Berpuluh-puluh ribu hasil muncul, dan Ify meng-klik salah satunya. Mendadak, tangan Ify terasa kaku. Tubuhnya serasa mati rasa saat membaca artikel yang baru dibukanya.



"Ify? Kenapa?" tanya Sivia setelah melihat wajah Ify berubah pucat pasi dengan mata terpancang ke layar. Sivia menatap monitor yang dilihat Ify tadi, lalu menganga. "Fy, nggak mungkin, kan..."



Ify jatuh terduduk di depan komputer. Kakinya lemas dan seluruh tubuhnya gemetar. Ify menatap layar lagi, berharap kata-kata yang tadi dibacanya salah.



"AZT adalah obat antiretroviral untuk HIV positif."



***



Ify memasukkan motornya ke garasi, kemudian berjalan ke arah tangga layaknya zombie. Dia tidak bisa merasakan apa pun semenjak siang tadi. Ify menatap tangga di depannya dengan mata menerawang. Dia tak yakin harus menemui Rio dengan wajah seperti apa.



Ify menaiki tangga pelan-pelan, tidak ingin bertemu Rio dulu. Namun, harapannya tidak terkabul karena pada saat Ify akan membuka pintu, Rio keluar dari kamarnya dengan handuk tersampir di bahunya.



Ify hampir lupa bernapas saat melihat Rio. Mata Ify terasa panas saking tidak berkedip, menatap sosok tegap—tapi pendek—di depannya. Hampir tidak ada keanehan dalam sosok seorang Mario Stevano itu kecuali ribuan virus yang mengalir dalam darahnya.



Rio balas menatap Ify aneh, hingga akhirnya menghela napas.



"Akhirnya lo tau, ya?" ucapnya sambil terkekeh sinis, ucapannya itu lebih terasa sebagai pernyataan dibandingkan pertanyaan. "Sekarang, lo nyesel udah pernah bantu gue? Gue udah pernah bilang, kan..."



"Kenapa?" tanya Ify dengan napas tercekat membuat Rio menatapnya lagi.



"Kenapa apa?" tanya Rio datar.



"Kenapa... kamu dapet penyakit ini?" tanya Ify lagi, air matanya hampir jatuh.

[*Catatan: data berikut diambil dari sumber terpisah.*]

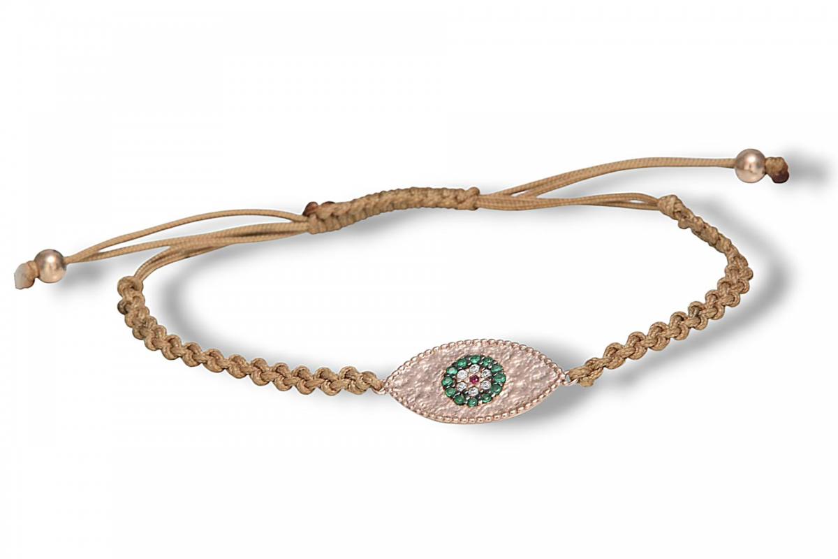 Xειροποίητο , και ξεχωριστό βραχιόλι με άψογο φινίρισμα , ασημένιο 925 και επιχρυσωμένο μάτι στα 14 κ ροζ χρυσό . σφυρήλατο με στόχο και ζιργκόν πέτρες  σμαραγδί,λευκές ,κόκκινη σε απόλυτη αρμονία .... κλέβει ματιές .....δέσιμο μακραμε εκρου .
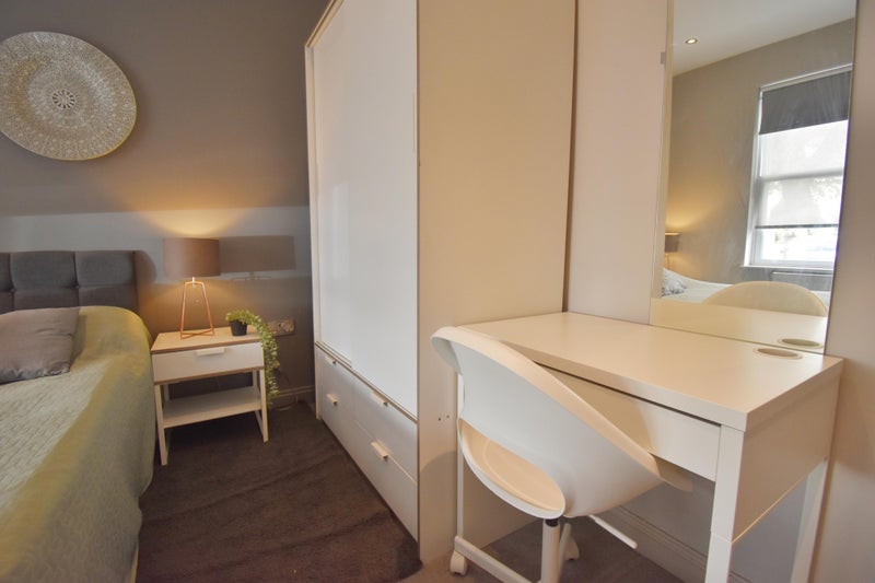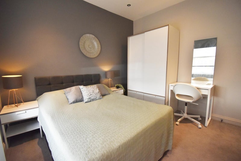 This gorgeous room (shares bathroom with just 1 other person) is presented to a 5 star hotel standard and comes fully furnished with double bed and pocket sprung mattress, 2 x bedside tables, double wardrobe, DESK & CHAIR, chest of drawers and blackout blinds.
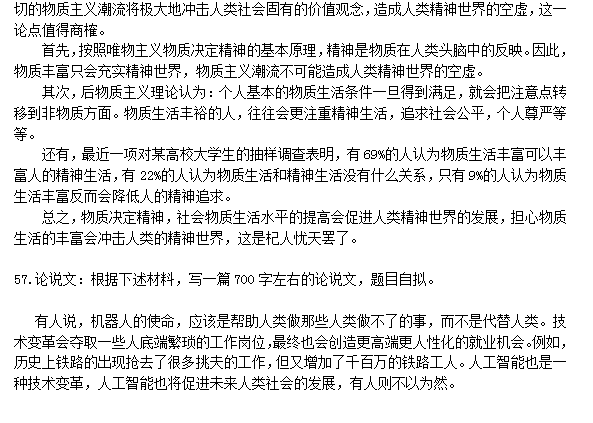 57.論說文:根據(jù)下述材料,寫一篇700字左右的論說文,題目自擬。
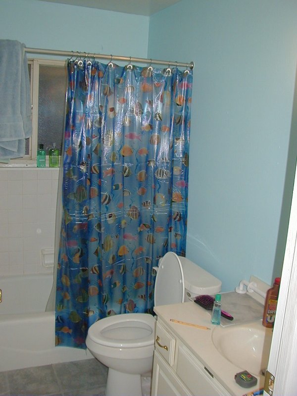 Here is the bathroom repainted, with new tile, new toilet and new shower curtain.
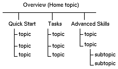 An author organizes help information into a logical framework. Most times, but not always, this results in an outline, or a hierarchy of topics. The topic hierarchy in Figure 1-8 consists of a main level, three sections, and subordinate topics. Although Help has been optimized for information that is organized in a hierarchy, you are free to create any kind of organization you want.
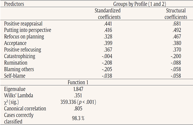Next, we carried out a discriminant analysis, including as predictors the nine dimensions of the CERQ-S and as criterion variable the groups obtained previously by means of the cluster analysis (Table 3). The variables with the best capacity for predicting an individual’s emotional regulation profile are (beginning with the best): positive reappraisal, putting into perspective, and refocus on planning.
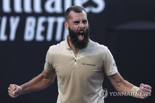epa09696601 Benoit Paire of France celebrates winning his second round match against Grigor Dimitrov of Bulgaria at the Australian Open Grand Slam tennis tournament in Melbourne, Australia, 20 January 2022. EPA/JASON O'BRIEN
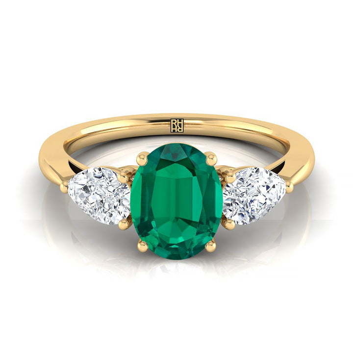 แหวนหมั้นเพชรสามเม็ดรูปทรงลูกแพร์ที่เข้าคู่กันอย่างสมบูรณ์แบบ ประกอบด้วยมรกตรูปไข่ทองคำเหลือง 14K - 7/8 กะรัตรวม
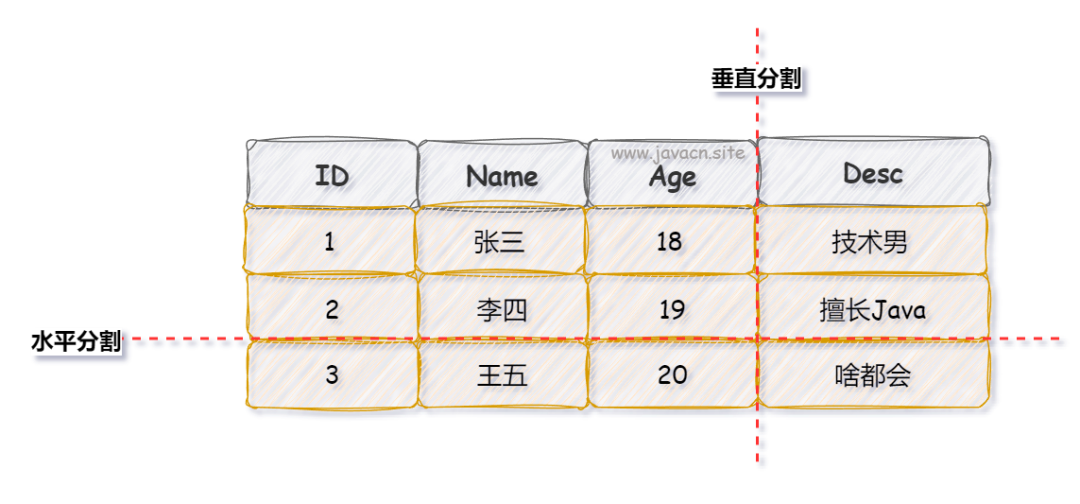 如果搞不清楚什么是垂直分表和什么是水平分表?可以参考一下这幅图思考一下:
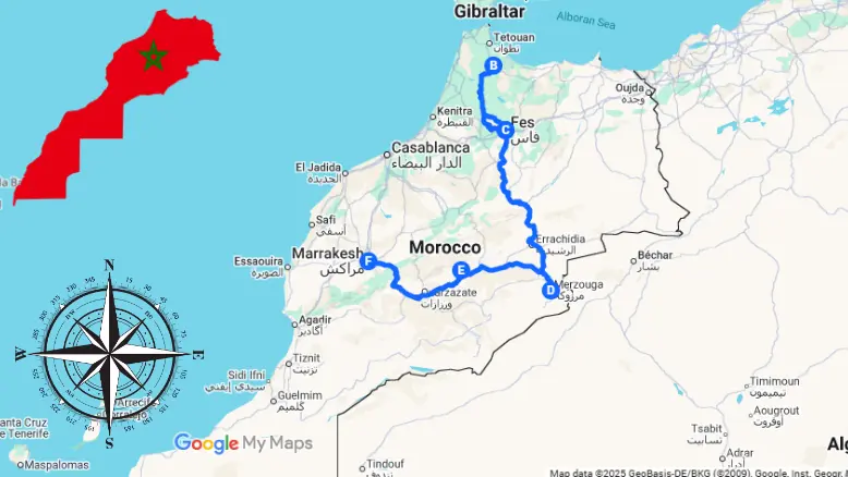 Fes, Chefchaouen, Ifrane, Azrou Cedar Forest, Midelt, Ziz Valley, Merzouga Sahara Desert, Todra Gorges, Dades Valley, Ouarzazate, Ait Ben Haddou, High Atlas Mountains, Marrakech

Rio tak langsung menjawab pertanyaan Ify. Dia menatap Ify lama, lalu mengalihkan pandangannya.



"Hubungan seks," kata Rio singkat membuat mata Ify membesar. Air mata sudah membanjiri pipinya. "Kenapa? Kaget?"



Ify tak bisa menjawab Rio. Dia sibuk menahan tangis. Rio sebisa mungkin tidak melihat ke arahnya.



"Sekarang, lo pasti bisa nggak ganggu gue lagi," kata Rio sambil bergerak ke kamar mandi. Kepalanya berdenyut menyakitkan dan harus diguyur air.



Rio sebisa mungkin pura-pura tidak tahu kalau Ify terduduk lemas di depan kamarnya sambil menangis. Rio menutup pintu kamar mandi, memukul tembok dengan keras, kemudian terduduk di lantai sambil meremas kepalanya kuat-kuat.



Rio sudah tahu hari ini akan datang dan dia sudah mempersiapkan dirinya. Namun, tetap saja, rasa sakit di hatinya mengalahkan semua pertahanan yang sudah susah payah dibangunnya.



Berbagai 'kalau saja' sekarang berkelebat di benak Rio. Kalau saja dia tidak pernah datang ke kost ini. Kalau saja sejak awal dia menjauhi Ify.



Kalau saja dia tak pernah dilahirkan ke dunia ini.